= Exercise instructions =
Set down again, exactly and only, the lines from the one that contains "Kothak tandem Extension" through the last line of the records below, both included, but not the pictures.

= Supplied data =
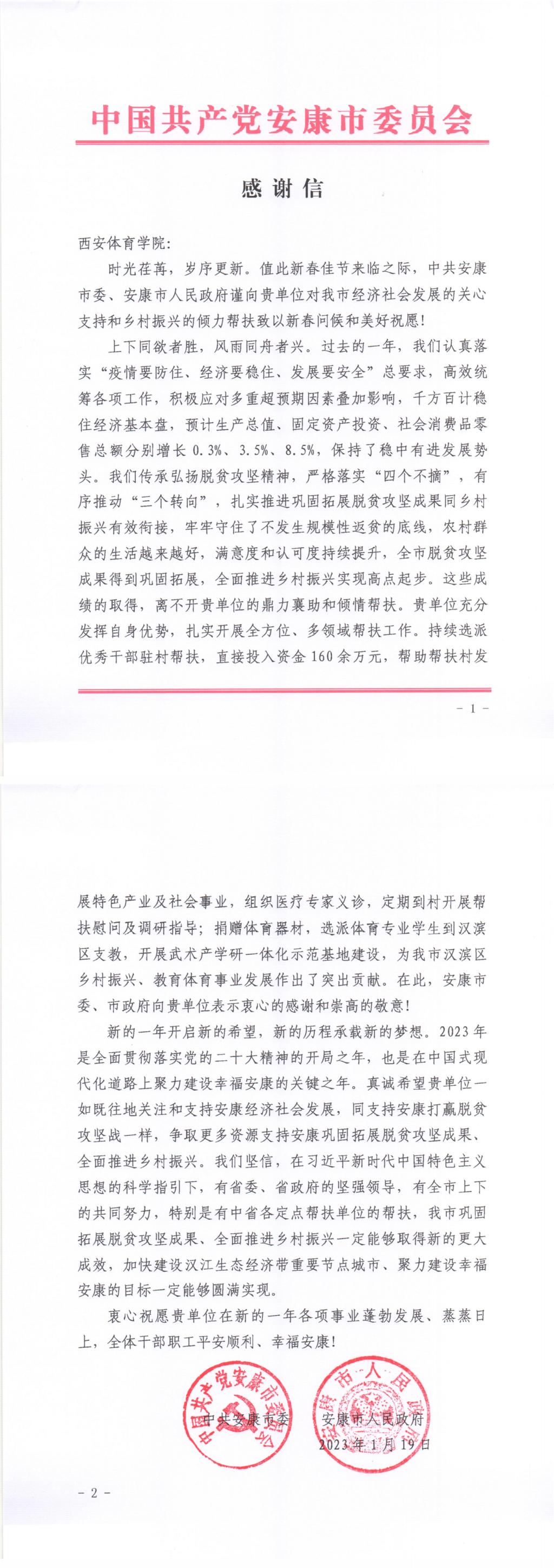 本网讯 近日,安康市委市政府致信,对诸侯快讯长期以来发挥自身特色优势,对安康市扎实开展全方位、多领域帮扶工作,关心安康市乡村振兴、教育体育事业发展表示真挚感谢。
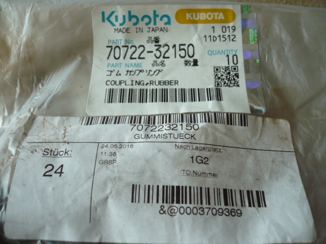 | Sie kaufen hier einen Gummipuffer für u.a. Kubota KX41, KX41-2, KX 61-2, KX91-2 . Sie haben die Wahl zwischen einem oder mehreren Gummilagern. Maße: 25mm Durchmesser x 21mm Breit x 9mm Innendurchmesser. Andere Ersatzteile finden Sie in unserem Shop, indem Sie auf die entsprechende Kategorie klicken. Nachdem Sie den Artikel in den Warenkorb gelegt haben, können Sie weitere Artikel in unserem Onlineshop kaufen. Fragen beantworten wir auch gerne per Email oder unter +49(0)176/21193525 und +49(0)38295/774067. |
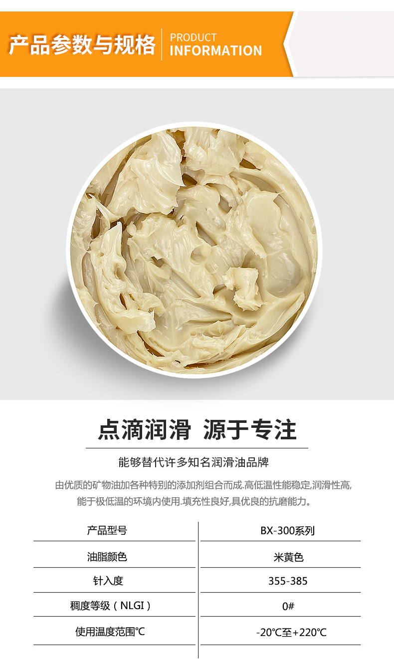 产品中心 - 装配行业板块 - 高温润滑脂 - 宽温轴承润滑消音脂BX-300/A(F-0)
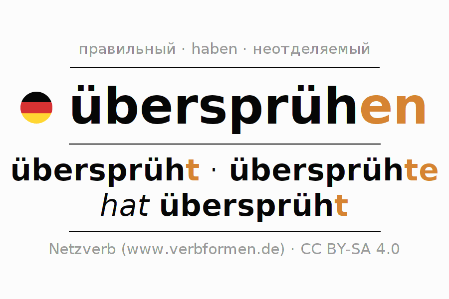 Глагол übersprühen (hat) спрягается в индикативе Действительный залог (актив) в настоящем, прошедшем и будущем времени
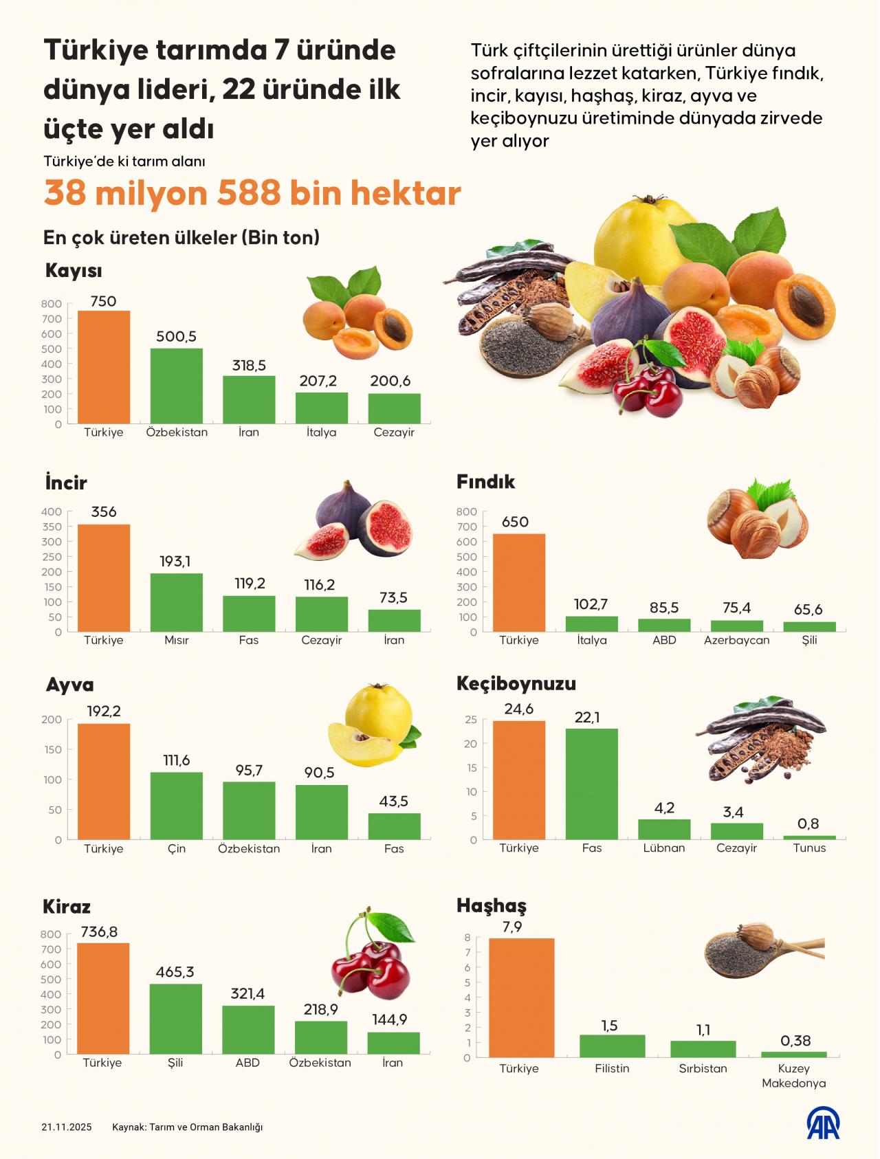 Tarım üretiminde dünyadaki konumuyla öne çıkan Türkiye’nin, ilk üçte 22 ürünü yer alıyor. Türkiye, fındık, incir, kayısı, haşhaş, kiraz, ayva ve keçiboynuzu yıllık üretiminde ise dünyada zirvede yer alıyor.
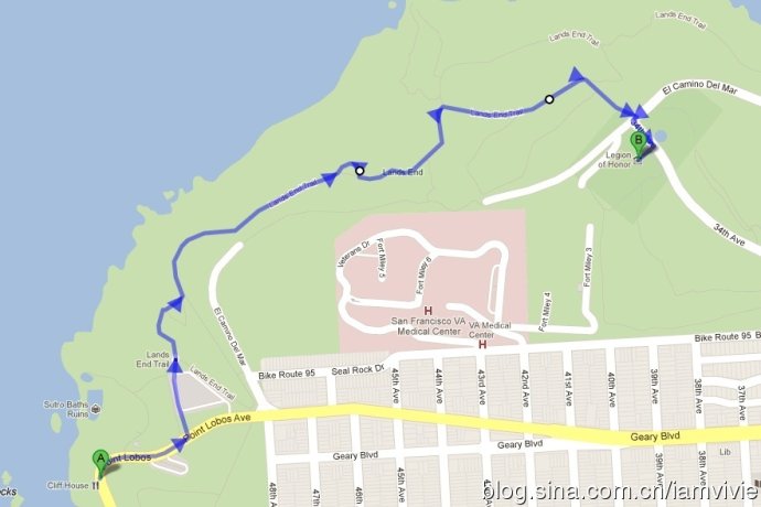 另一个非常建议的地方,是金门大桥的另一端,A点开始的Cliff House,有岩石的海边,我个人超级喜欢。逛完海边那些石头,可以沿着海边的Trail一直往北走,到达B点的Legion of Honor,是一个博物馆,有些罗丹和莫奈的作品,而且是在山顶,可以俯视旧金山,景色不错。
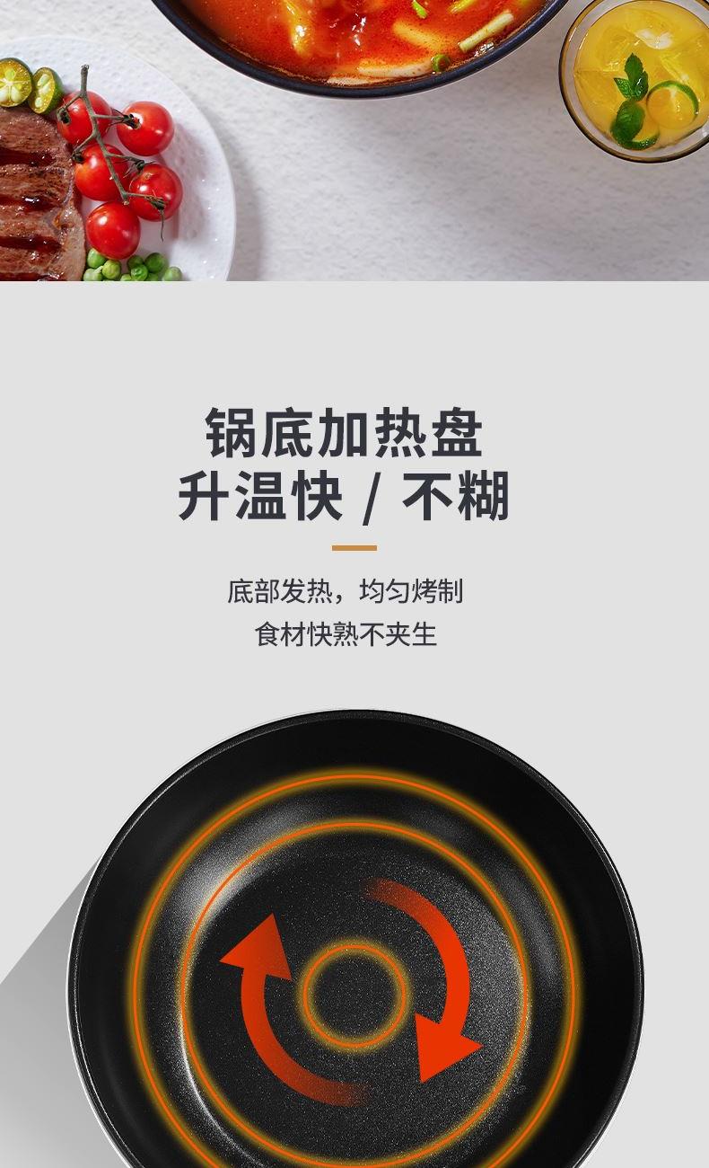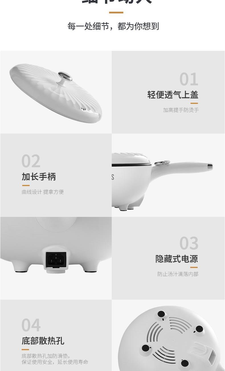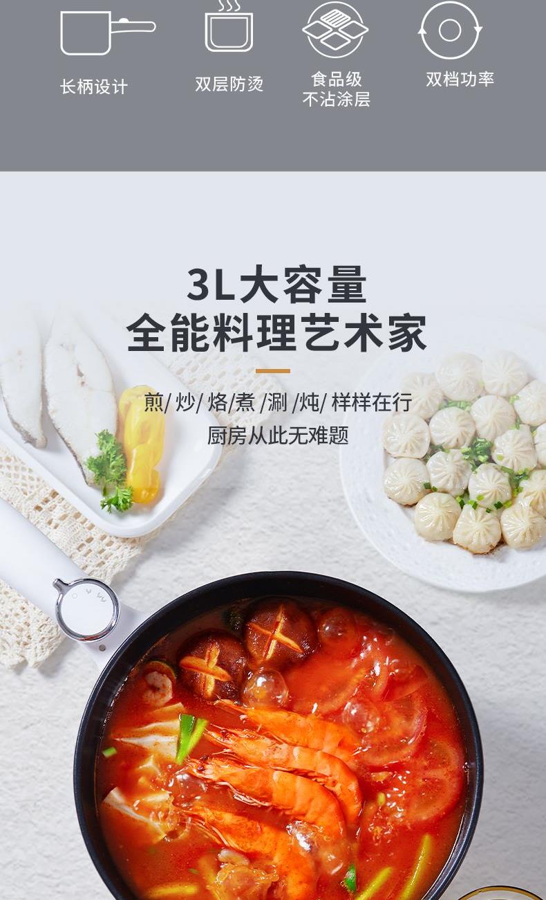 额定电源 :220V~50Hz 额定功率 :1600W 炒锅容量 :3L 净 重 :1.9kg 毛重:2.3kg 包装尺寸:533*328*195mm 1、1600W大功率,爆炒快熟,美味轻松拿捏; 2、 爆炒、、煮、焖、炖、火锅,一锅多用; 3、陶瓷釉不粘涂层,健康烹饪 安心放心; 4、大功率高效加热,两档火力可调; 5、 精 准控温,防干烧保护;
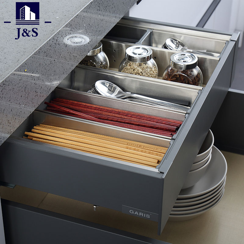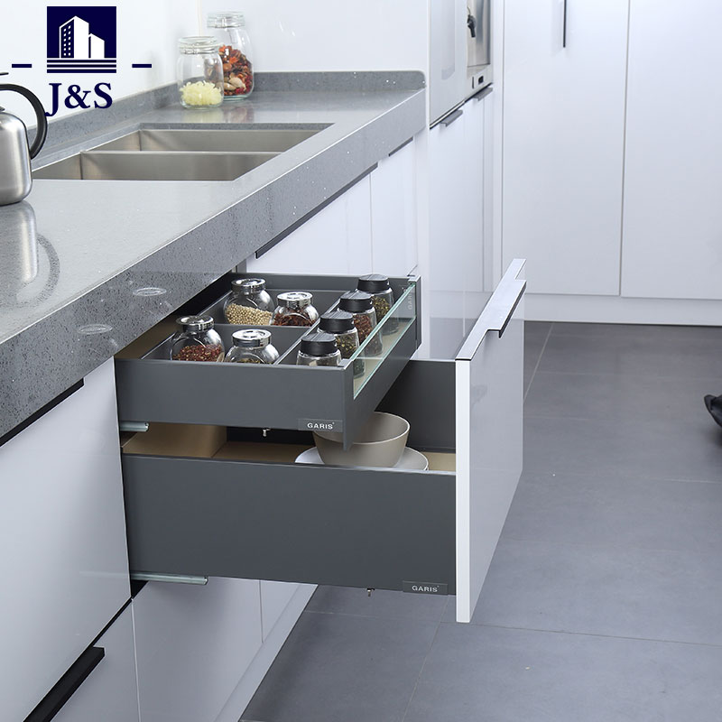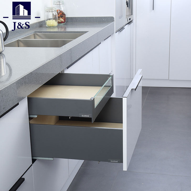 Kothak tandem Extension Lengkap Slim Soft Close Slider yaiku piring sisih baja telung lapisan kanthi damping sing dibangun, uga dikenal minangka pompa damping mewah. Iku aksesoris hardware paling apik digunakake ing pawon kabèh, lemari klambi, laci, etc.. iku luwih ngalangi lan awet saka telung bagean guide alur.
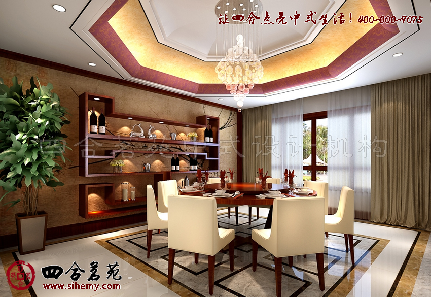 餐廳中中式元素示意性的點(diǎn)題,在玻璃彩繪與宮燈之間呈現(xiàn)出中式古韻。別墅裝修運(yùn)用中西合璧的方式表達(dá),施釉磚的西洋線(xiàn)條配合八角形的燈池,讓人從集合線(xiàn)條和裝修形態(tài)的構(gòu)成上感受中西結(jié)合。
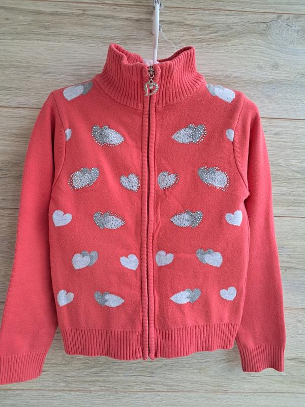 Кофта фирменная, качественная many &many, рост указан 120см, будет выглядеть раньше, в очень красивом состоянии. Цвет - коралловый. Не сток, после моей дочки, без запаха. Спереди россия из страз, все камушки на месте. Застегивается на молнию до конца, воротник-стойка, горлышко закрытое. Состав: 89,5% коттон, плотная въехала по скамейке, качественная Замеры: длина от плеча до низа -полуобхват геллы -длина рукава от плеча -.

= Result of the task =
 Kothak tandem Extension Lengkap Slim Soft Close Slider yaiku piring sisih baja telung lapisan kanthi damping sing dibangun, uga dikenal minangka pompa damping mewah. Iku aksesoris hardware paling apik digunakake ing pawon kabèh, lemari klambi, laci, etc.. iku luwih ngalangi lan awet saka telung bagean guide alur.
 餐廳中中式元素示意性的點(diǎn)題,在玻璃彩繪與宮燈之間呈現(xiàn)出中式古韻。別墅裝修運(yùn)用中西合璧的方式表達(dá),施釉磚的西洋線(xiàn)條配合八角形的燈池,讓人從集合線(xiàn)條和裝修形態(tài)的構(gòu)成上感受中西結(jié)合。
 Кофта фирменная, качественная many &many, рост указан 120см, будет выглядеть раньше, в очень красивом состоянии. Цвет - коралловый. Не сток, после моей дочки, без запаха. Спереди россия из страз, все камушки на месте. Застегивается на молнию до конца, воротник-стойка, горлышко закрытое. Состав: 89,5% коттон, плотная въехала по скамейке, качественная Замеры: длина от плеча до низа -полуобхват геллы -длина рукава от плеча -.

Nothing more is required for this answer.